Emotional Eating

What is Emotional Eating ?

Many of us are emotional eaters at heart ! We eat because we are celebrating, we eat because we are commiserating. We eat because we are bored or we eat because we are lonely.

However when our eating patterns have an adverse impact on our lives, we need to look at ‘what in fact is eating us ?’

This form of Emotional Eating occurs when an individual uses behaviour with food to change or manage their feelings.

In many cases the person does not know how or what they are feeling, what they do know is they can feel tension in their body and this tension will cease once they eat .
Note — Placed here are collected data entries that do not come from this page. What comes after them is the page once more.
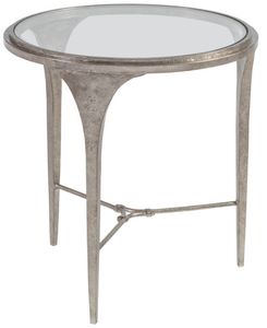 Hammered hand-forged contemporary iron base with a textured silver leaf in a silver finish, showing natural mill scale and forging marks. The End Table features shaped legs, decorative lower shelf with inset glass, and a tempered glass top.Read More
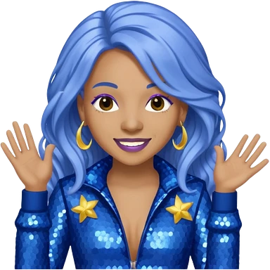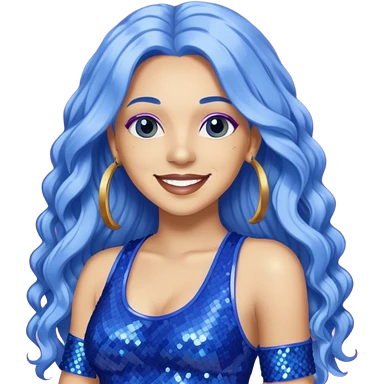 Spice, Dancehall Singer with long periwinkle hair, blue sequin outfit emoji
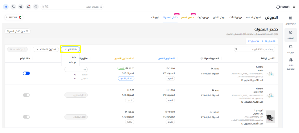 - سيظهر على المنتج تصنيف انه مفعل، وسيتم تعديل السعر والعمولة وفقًا لذلك.
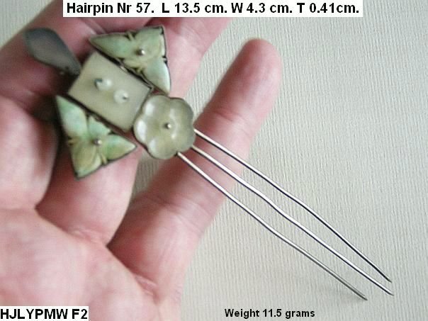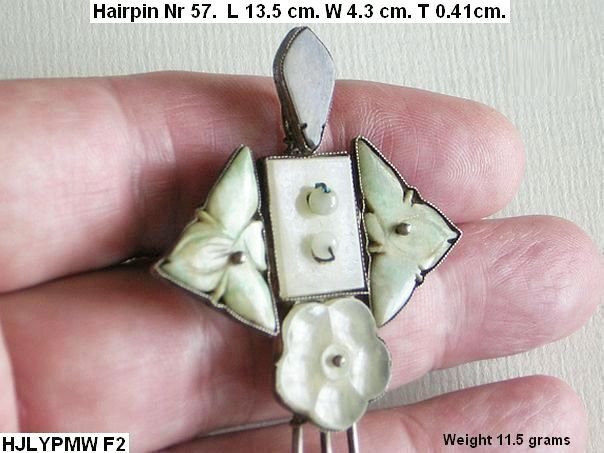 Two jadeite flowers, a nephrite flower and two other pieces of jade decorate this hairpin. The top piece was originally dyed in a vivid green but the dye has faded away in the sunlight.
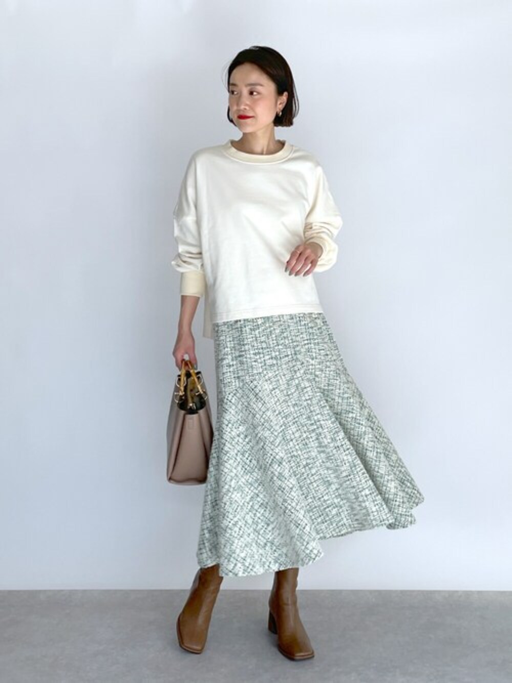 ●プルオーバー ゆったりした身幅と袖幅で楽な着心地です。 今年らしいショート丈ですが、短過ぎないのでボトムともバランスが取りやすく、バックのラインテープがいいアクセントになってくれのでお気に入りです♪ ●スカート 前から後ろにかけて長めになったマーメイドスカートで、動くたびに揺れる感じが◎◎ カットツイード生地なので楽なのに綺麗見えしてくれます! 他にもトレンドアイテムやこれから使えるアイテム等幅広いテイストをご用意しておりますので、是非覗いてみてくださいね(*^^*)
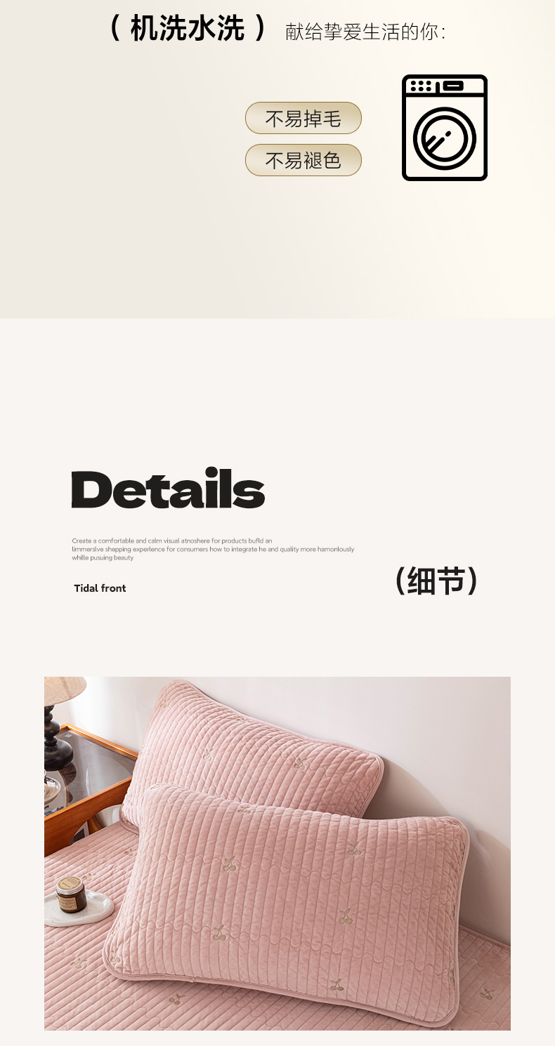 • 91家纺网 家纺一手货源 找家纺 佳笠家居 2025新款婴儿绒宝宝绒樱桃刺绣夹棉床笠 藕粉色
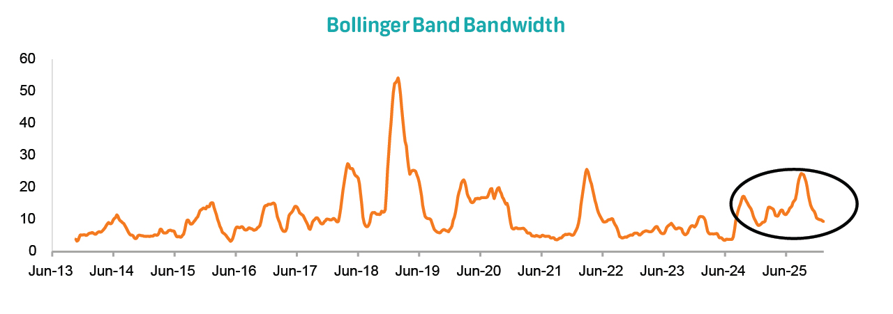 • The rise in Bollinger Band Bandwidth shows volatility expanding after a period of tight consolidation, suggesting that the share is preparing for a directional move. Since this expansion is happening within an uptrend and above key support, the next impulse likely favours the upside. This strengthens the bullish view by indicating that the share may be transitioning from consolidation into a renewed upward phase.
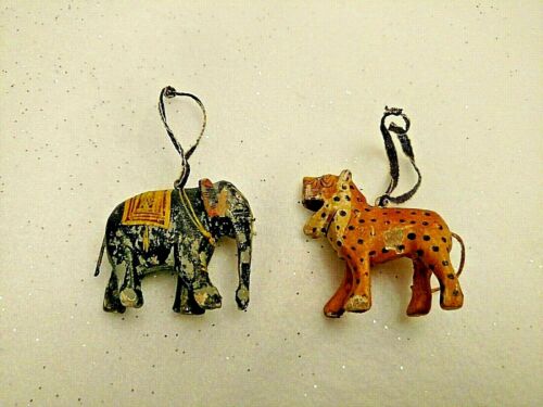 Vintage / Antique Composite Christmas Ornaments Leopard Elephant
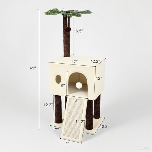 41″ Cat Tree for Indoor Cats Furniture, Cat Tower with Scratching Board, Modern Activity House for Large Cats, Condo with Ball Toys, Kittens Cave, Cat's nest, Beige White
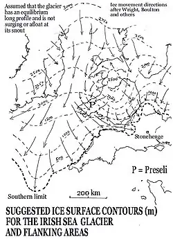 Forschungen von 2007[4] sprechen auch dafür, dass das Gebiet jenseits der South Ireland End Moraine während und nach der letzten großen Vereisung durch einen Irischen Eisschild bedeckt war, genauso wie Teile der Gebiete jenseits der South Wales End Moraine.
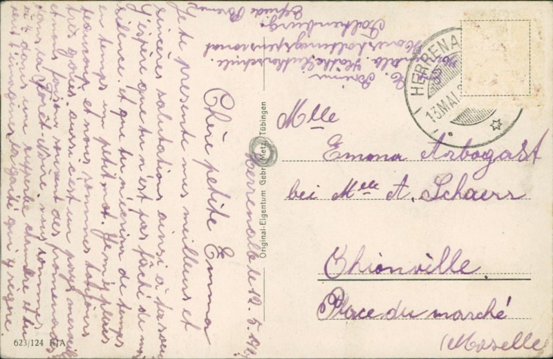 Alte Ansichtskarte aus Bad Herrenalb, gelaufen am 13.05.1924 von Herrenalb nach Thionville.
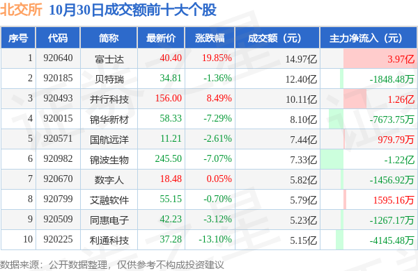 当日北交所成交额前10大个股中3只个股收涨,平均涨幅9.46%,其中富士达(920640)以成交额14.97亿元排第一。从主力资金流入看,成交额前10大个股中有4只个股呈现主力资金净流入。

Emotional Eaters tend to …

  • Be confused about how they feel
  • Have difficulty naming feelings
  • Have difficulty managing their feelings
  • Have difficulty with a specific feeling (often feel fat instead)
  • Do not feel entitled to have certain feelings
  • Have difficulty expressing feelings.

 

Emotional Eaters tend to eat to…

  • Hide or cope with negative or bad feelings
  • Bring suppressed feelings to the surface
  • Feed a hungry heart
  • Deal with stress (real or perceived)
  • Deal with self abuse
  • Deal with trauma
  • Deal with Boredom, Anxiety, Loneliness, Fear, loss etc….
What is the Difference Between Emotional Hunger and Physical Hunger ?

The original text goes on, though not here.